What he says of 'their obliging them to pay eight pound Scots to the town-officer,' is in many ways false. It is false that they were ordered by the magistrates to pay such a sum. It is false that they paid all alike. It is also untruth that any of them gave what they had provided for their winding sheets. Nicolas Lawson, one of the confessing witches, her husband voluntarily gave a small piece of unbleached linen to the officer for his fees; and this is all the ground for the story of their winding-sheets.

The author of the Just Reproof then proceeds to give an account of Mrs White and Isobel Adam. The woman brought from Anstruther was a Mrs White, an inhabitant of Pittenweem, who, through fear of being apprehended, fled thither to her daughter's house. This woman, whose cause is now warmly espoused by some, with no advantage to their reputation, and who is now insisting against the magistrates in a process for wrongous imprisonment, has been for many years a person of very bad fame. Some eighteen years ago, she pursued a woman before the session, in Mr Bruce the late Episcopal incumbents time, for calling her a witch, and succumbing in the probation. Mr Bruce urged her to be reconciled with the woman,—she obstinately refused,—using most Unchristian and revengeful expressions, which are to be seen in the session-register. Since the revolution, she desired admission to the Sacrament of the Lord's Supper, which was then denied her, because she still refused to be reconciled to that woman. Her scandalous carriage in refusing to cohabit with her husband to this day, who is a sober honest man, is generally known. This woman being accused by the boy as one of his tormentors, and delated by two confessing witches, and other presumptions of her guilt, the magistrates one morning sent their officer to the magistrates of Anstruther, desiring them on these grounds to send Mrs White to them, and the grounds of her imprisonment were sent in write to her, in her daughter Mrs Lindsay's house; and she being brought to Pittenweem, the two women which delated her, were confronted with her, in presence of the magistrates, a great many gentlemen and ministers, where they did accuse her to her face, and charged her particularly with being at a meeting in the Loan with the devil and the witches, and gave some binding tokens to convince her. By all which it appears, how little ground there is to accuse the magistrates for invading their neighbours jurisdiction, or load the minister with any concernment in the matter.
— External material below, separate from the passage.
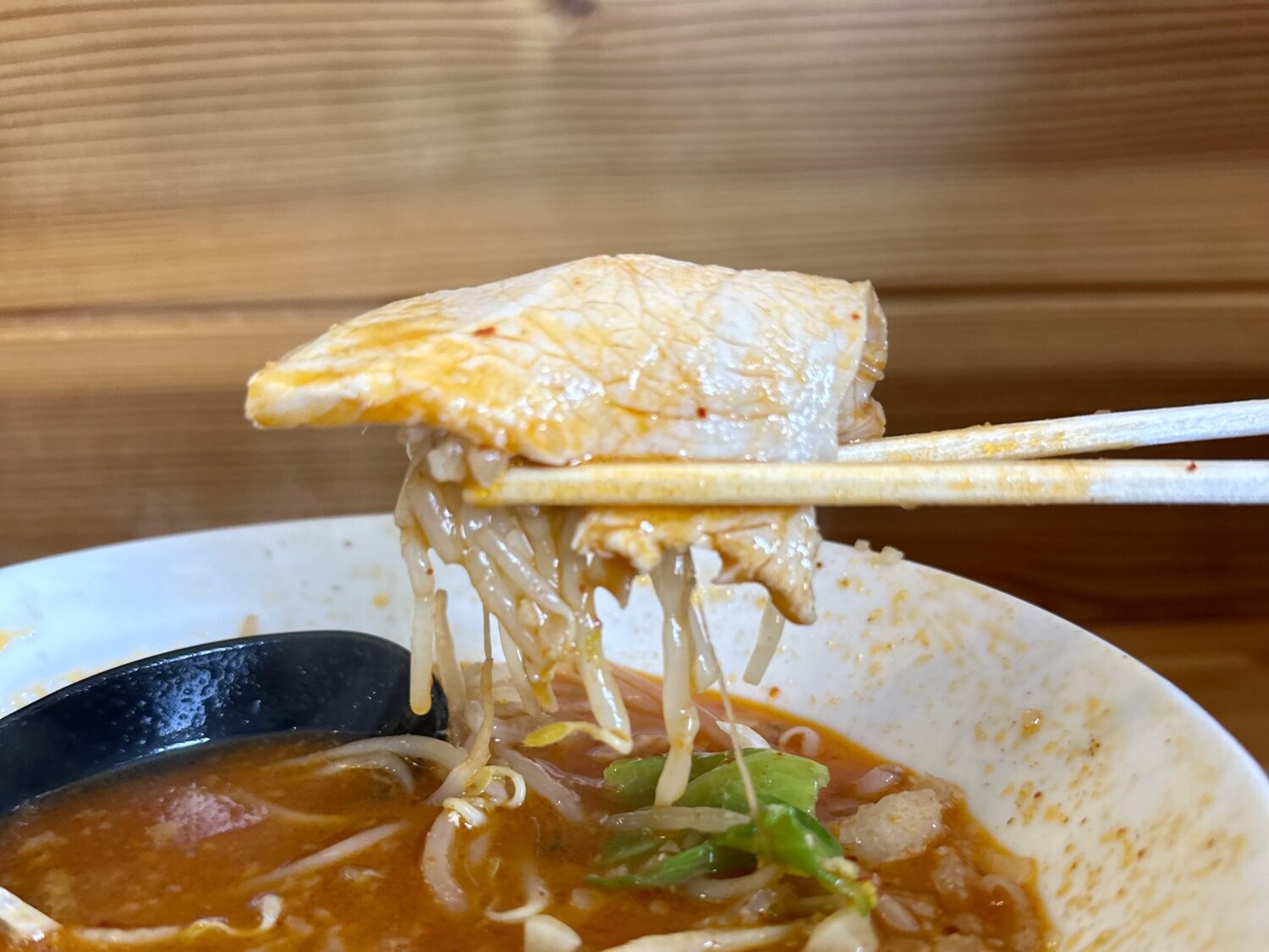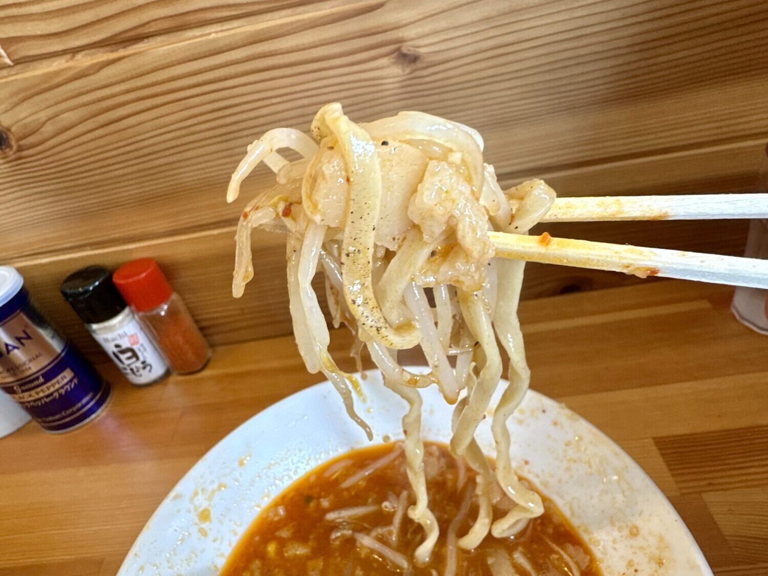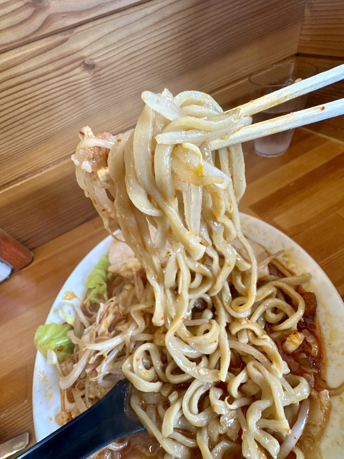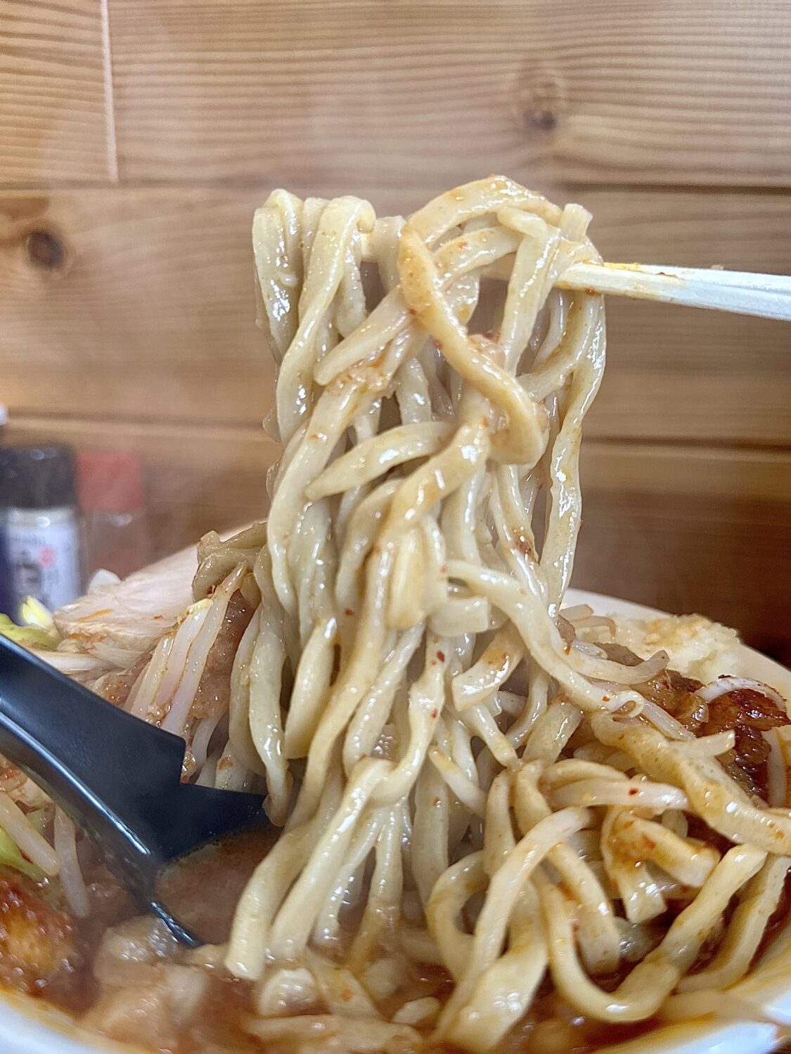 平打ちでガッシリでムッチモッチでちょいワッシ、しかもこの中毒性高いスープに浸ってるグワゴワヌルテッカって、、好き(*ノ∀◕ฺ*)

As to the other instance of one brought to Pittenweem at six miles distance, this was the young woman Isobel Adam. About the middle of May, one Alexander M'Grigor delated her for an attempt to murder him in his own house in the night-time, with several others whom he knew not; and there being some surmises of other presumptions of witchcraft against her, the minister hearing she was occasionally in the town, called for her, and advised her, before her father, if innocent, to take proper measures for her own vindication, which she undertook to do, and promised to return for that end on advertisement, which her father engaged to give. The noise about her still increasing, her father was desired, according to promise, to call her to the place, which he declined, growing jealous of her guilt; on which the minister advertised her, but in case she refused, a letter was sent to be delivered to the gentleman on whose ground she lived, desiring him to send her. So soon as the advertisement was given, she came voluntarily to her father's house in Pittenweem, and so there was no occasion for force.